Hard to sharpen or is it just me [emoji28]


----------



## GorillaGrunt (Jul 5, 2019)

If you’re confident that any knife you put to the stones will be at least sharper than before, open a booth at your local farmers market, $5 a blade.


----------



## ian (Jul 6, 2019)

GorillaGrunt said:


> If you’re confident that any knife you put to the stones will be at least sharper than before, open a booth at your local farmers market, $5 a blade.



Man, I’d be a little afraid to do this until I could not only improve knives, but could do it really fast. The knife sharpener who comes to our farmers market always seems like she can’t keep up with all the demand even though she does it all on some sort of powered wheel. I guess if you set hard limits and make it clear that you can’t handle more than a few knives, it would be ok.

Some communities have a “Buy nothing” online board/community, though, for free goods and services. I might even try listing on the one around here myself, now that you mention it. A little less formal, and less pressure.


----------



## Desert Rat (Jul 7, 2019)

Reset the bevel pretty quick and left a toothy edge. These wheels are not as coarse as some believe.


----------



## GorillaGrunt (Jul 7, 2019)

I think my busiest day was about 50 knives in 4 hours (really closer to 3) stones only. This is where the Sigma 240 shines! I had looked into the antique grindstone route too mainly for the cool factor.


----------



## ian (Jul 7, 2019)

GorillaGrunt said:


> I think my busiest day was about 50 knives in 4 hours (really closer to 3) stones only. This is where the Sigma 240 shines! I had looked into the antique grindstone route too mainly for the cool factor.



Nice, I didn’t get from your previous post that you’d actually done this! Inspiring. 

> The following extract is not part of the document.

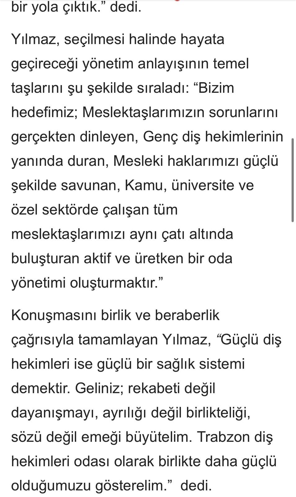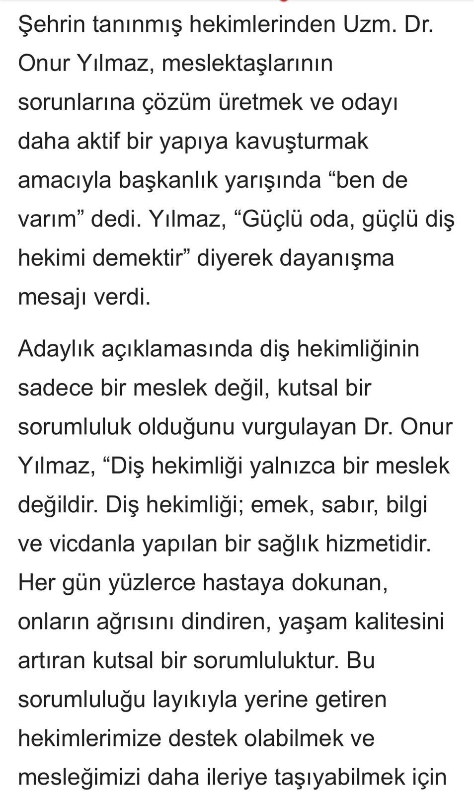 Dt. Yılmaz Başkanlığı adayım dedi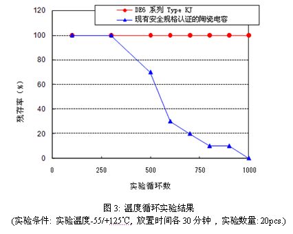 現有安全規格認證的陶瓷電容器在溫度循環實驗等反復進行溫度變化的條件下,因電容器構成材料熱膨脹率的散差,容易引起外部涂裝樹脂的結合力降低,從而導致外部涂裝樹脂出現裂縫,嚴重時會由于內部陶瓷元器件的裂縫,造成容值及絕緣耐壓值的降低。所以,原樣采用現有結構材料將難以用于車載設備。因此,為提高耐溫度循環性,通過選定具備可塑性的新型樹脂材料,就能夠制做出確保溫度循環1000周期、符合安全規格認證的陶瓷電容器。溫度循環實驗下的產品特性比較情況如圖3所示。

Now if I only had the time to actually do something like this, what with the day job and the family.


----------



## GorillaGrunt (Jul 7, 2019)

I came up with it as an answer to the question “where will I find a thousand knives to sharpen?” Loads of fun and good practice. I also really enjoyed the people telling stories of the guys with the bicycle grindstones who would come around decades ago, and memories of grandfathers and fathers and uncles who sharpened their knives and how nobody does it anymore (lol), and the guy who said to his teenage son, “see Zack, you gotta do stuff the old fashioned way to get arms like that guy!”


----------



## ian (Jul 7, 2019)

GorillaGrunt said:


> “see Zack, you gotta do stuff the old fashioned way to get arms like that guy!”



Sadly, I doubt I would inspire such a comment.


----------



## GeneH (Jul 10, 2019)

Ummmm....start over? Actually that's what I did. I kept at it, thinning, changing, testing, re-doing. My wife as it turns out is really sensitive to how a knife works on food. I had no idea because the knives never really had good edges. Burrs, lopsided bevels, you name it. I learned a lot by all the feedback.


----------